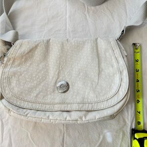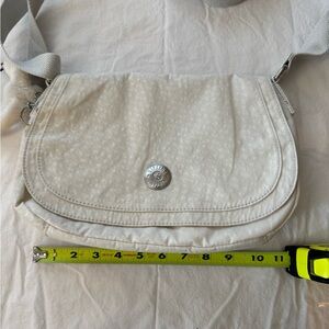 Elegant cream crossbody bag by Kipling. Features a cute charm and adjustable strap.
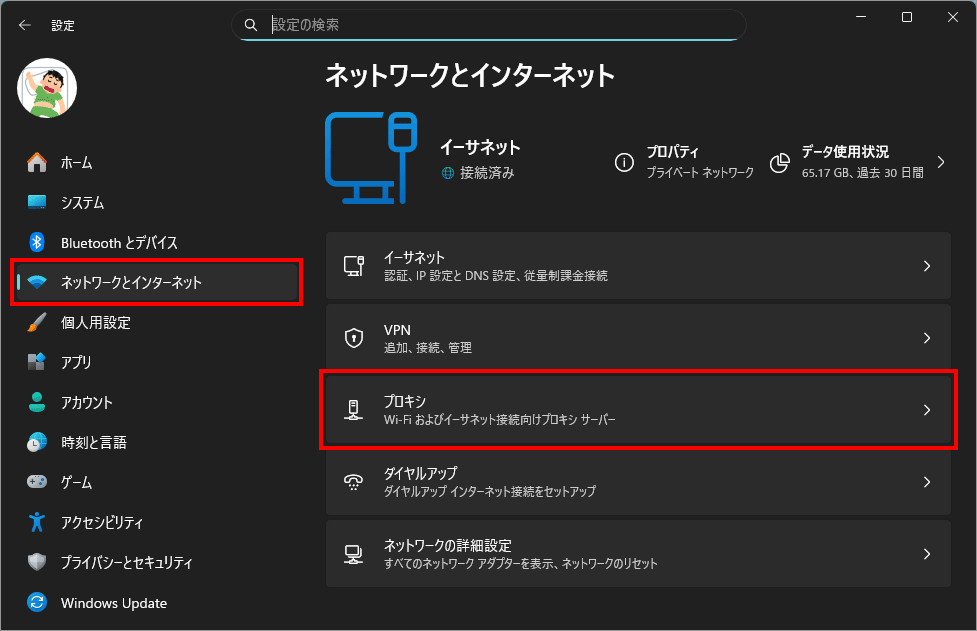 メニュー「ネットワークとインターネット」を選択し、右側の「プロキシ」を選択します。
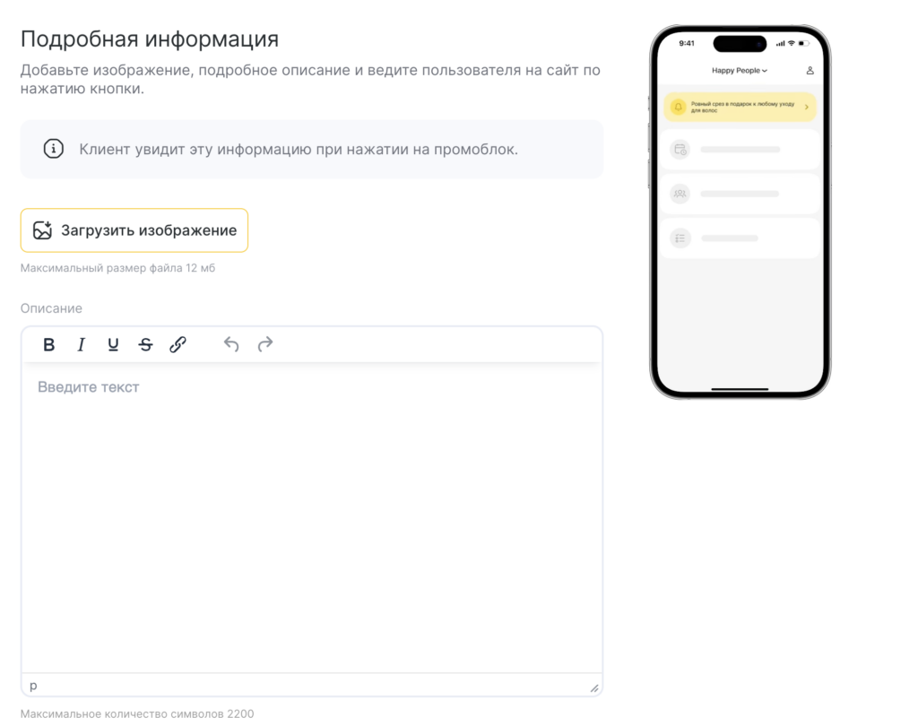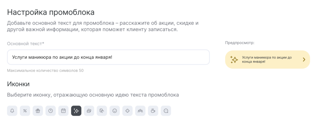 - Добавьте основной текст для промоблока — расскажите об акции, скидке и другой важной информации, которая поможет клиенту записаться. Максимальное количество символов — 50.
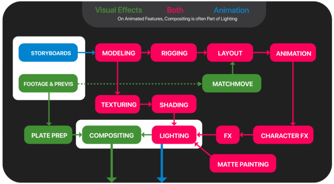 电影制作流水线概述:Storyboard /Footage/Previs(分镜脚本等)是我们获取故事资源的途径,而Compositing/Lighting(合成/照明)则是电影的最后阶段。但视觉效果电影与动画电影略有不同,因为你以分镜的形式额外添加电影镜头元素。
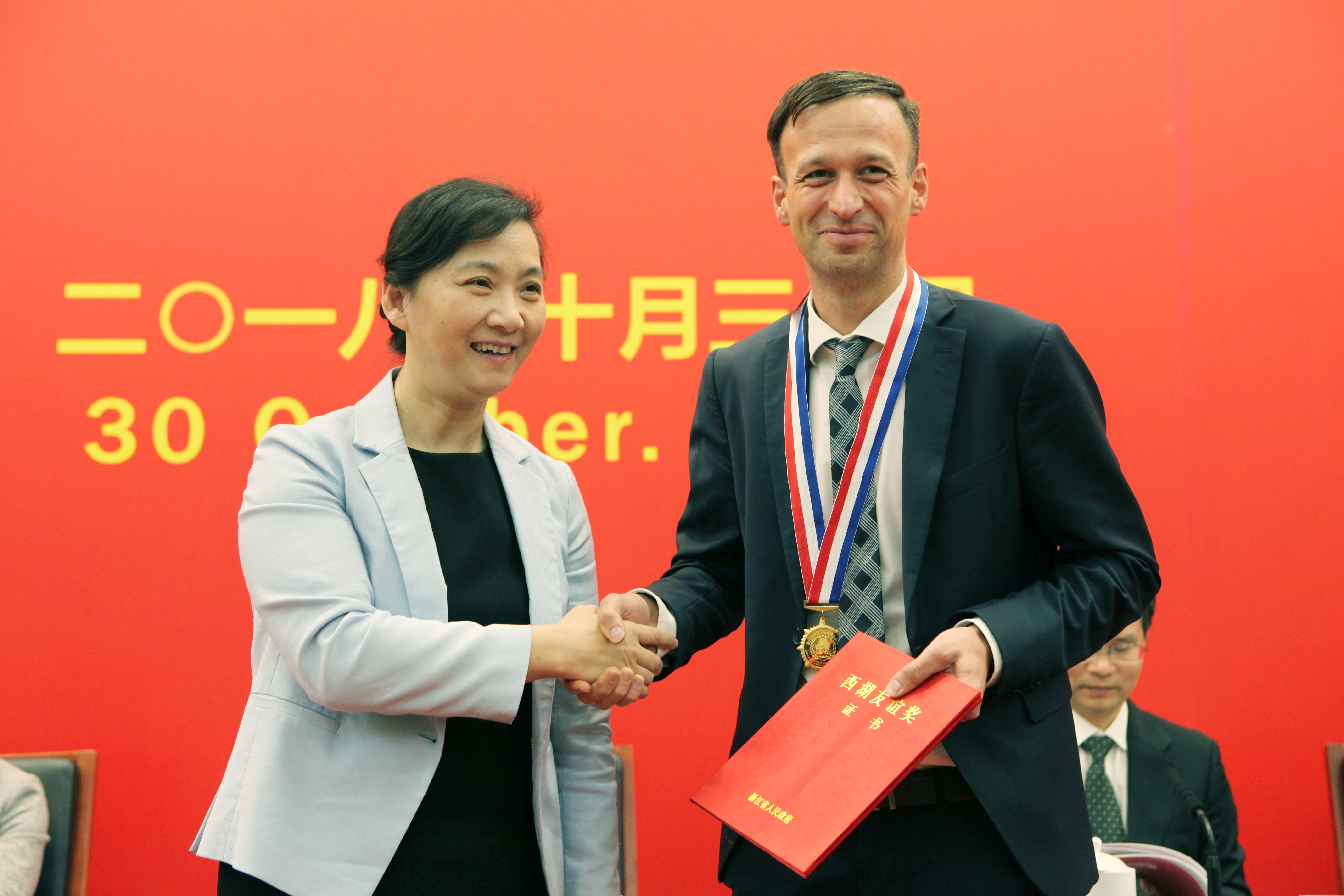 10月30日下午,2018年浙江省政府“西湖友谊奖”颁奖大会在省人民大会堂举行。该奖是浙江省该奖是浙江省人民政府为表彰外籍专家在浙江省经济建设和社会发展中所做出的突出贡献和奉献精神而设立的最高奖项,av片 教学院长、德国吕贝克应用科技大学建筑结构教授弗兰克•肯普教授接受了表彰,省委副书记、省长袁家军亲自会见50名获奖外国专家,副省长王文序为获奖专家颁奖。肯普教授为我校第7位获此荣誉的外国专家。
________________________
* **To do**
Would you write out an exact copy of the entries above, with no images?

* **Solution**
 Elegant cream crossbody bag by Kipling. Features a cute charm and adjustable strap.
 メニュー「ネットワークとインターネット」を選択し、右側の「プロキシ」を選択します。
 - Добавьте основной текст для промоблока — расскажите об акции, скидке и другой важной информации, которая поможет клиенту записаться. Максимальное количество символов — 50.
 电影制作流水线概述:Storyboard /Footage/Previs(分镜脚本等)是我们获取故事资源的途径,而Compositing/Lighting(合成/照明)则是电影的最后阶段。但视觉效果电影与动画电影略有不同,因为你以分镜的形式额外添加电影镜头元素。
 10月30日下午,2018年浙江省政府“西湖友谊奖”颁奖大会在省人民大会堂举行。该奖是浙江省该奖是浙江省人民政府为表彰外籍专家在浙江省经济建设和社会发展中所做出的突出贡献和奉献精神而设立的最高奖项,av片 教学院长、德国吕贝克应用科技大学建筑结构教授弗兰克•肯普教授接受了表彰,省委副书记、省长袁家军亲自会见50名获奖外国专家,副省长王文序为获奖专家颁奖。肯普教授为我校第7位获此荣誉的外国专家。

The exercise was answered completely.